Abdelaziz Rahabi : « Les choix économiques et la corruption sont à l’origine de la crise »

Abdelaziz Rahabi : « Les choix économiques et la corruption sont à l’origine de la crise »

Par Hadjer Guenanfa, TSA, 19 août 2015

Quelle lecture faites-vous de la crise provoquée par la chute du prix du pétrole ?

Ce n’est pas la chute du pétrole qui est à l’origine de la crise. Dire que la chute du prix du baril est à l’origine de la crise, c’est chercher encore la main de l’étranger ! Or ce sont les choix économiques, la corruption, l’absence de contrôle de la dépense publique qui sont à l’origine de cette crise. Nous n’avons pas pris des précautions. Nous n’avons pas créé de l’emploi et nous n’avons pas créé une économie en mesure de subir le choc pétrolier. Aucun gouvernement depuis l’indépendance n’a eu autant de moyens. Au lieu de mettre un terme à notre dépendance aux hydrocarbures, il a fait de la richesse du pays un outil politique. La manne a servi surtout à acheter la paix sociale et non à développer l’économie.

Comment expliquez-vous cette politique ?

Le seul souci du pouvoir était de se maintenir. La situation économique actuelle était donc prévisible. D’ailleurs, tous les experts parlaient de cycle court de l’augmentation des prix des hydrocarbures. Malgré cela, nous n’avons pas pris des mesures nécessaires. Aujourd’hui, nous subissons les conséquences de l’utilisation irrationnelle de la dépense publique et l’échec du choix économique du gouvernement. La question qui se pose aujourd’hui est de savoir qui va supporter le coût de l’échec de la politique économique du gouvernement durant ces quinze dernières années. Et je pense que ce sont les couches les plus défavorisées qui vont le supporter avec l’inflation et le ralentissement de l’investissement public.

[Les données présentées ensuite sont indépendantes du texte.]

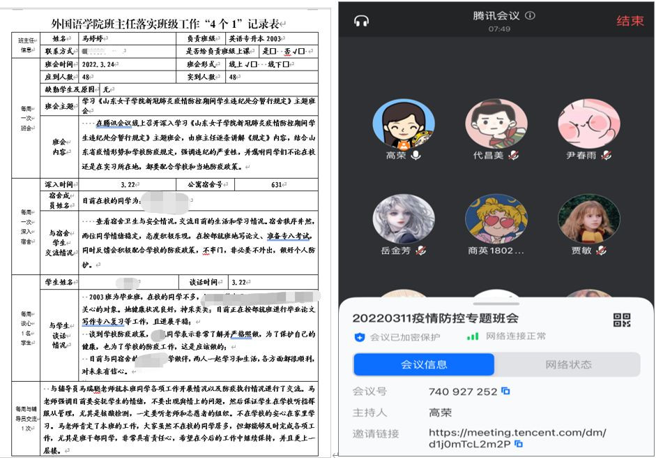 为了凝聚力量做好校园封闭管控下学生教育管理工作的力量,学院实施班主任落实班级工作“4个1”行动,班主任每周召开班会1次、每周深入宿舍1次、每周谈心谈话1个学生、每周与辅导员交流工作1次。自3月16日以来,班主任共召开班会94场次,谈心谈话学生近193人,线上线下深入宿舍291个,工作交流75次。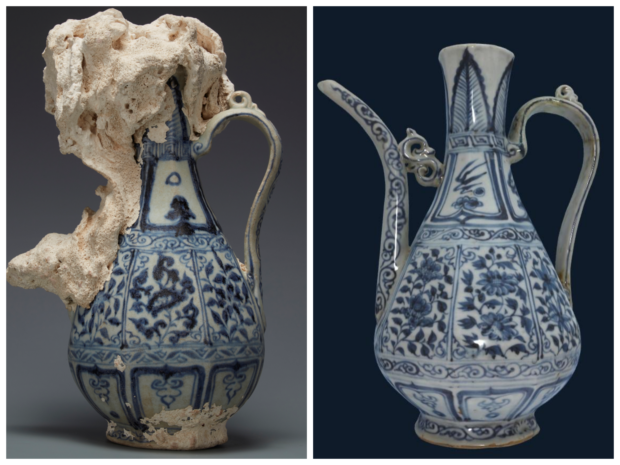△中國(guó)(海南)南海博物館藏元青花花卉紋八棱執(zhí)壺(左)與河北博物院藏青花八棱執(zhí)壺對(duì)比。

Le gouvernement a dévalué le dinar pour faire face à la crise. Est-ce la bonne mesure ?

Les économies développées dévaluent leurs monnaies pour booster les exportations. En Algérie, nous la dévaluons pour réduire nos importations. Ce n’est pas une mesure saine sur le plan économique. Même si je pense que c’est l’un des rares outils dont dispose le gouvernement pour réguler les importations. Nous ne pouvons pas réguler le commerce extérieur par la production donc nous le régulons par des outils de la Banque centrale. Je pense également que le gouvernement ne pose pas la bonne question en ce moment qui est celle de reconnaître que nous avons fait des dépenses irrationnelles pendant une quinzaine d’années.

Quelles solutions préconisez-vous ?

Le gouvernement devrait prendre en considération le fait que ce n’est pas au plus fragile d’entre nous de supporter les conséquences de la crise. Concrètement, le gouvernement ne va pas toucher aux subventions. Sauf que nous subventionnons le produit au lieu de subventionner des catégories sociales. Et le gouvernement ne prendra pas des mesures impopulaires car il est faible en raison d’un consensus politique interne fragile. La crise économique va continuer et va s’approfondir. Cela dit, on n’a pas d’autres choix que de relancer l’économie en encourageant l’investissement et en mettant en place les mesures de nature à relancer l’économie. Il faut avoir un consensus politique national du choix économique, s’ouvrir aux expertises nationales, aux cadres consultatifs et faire de la prospective.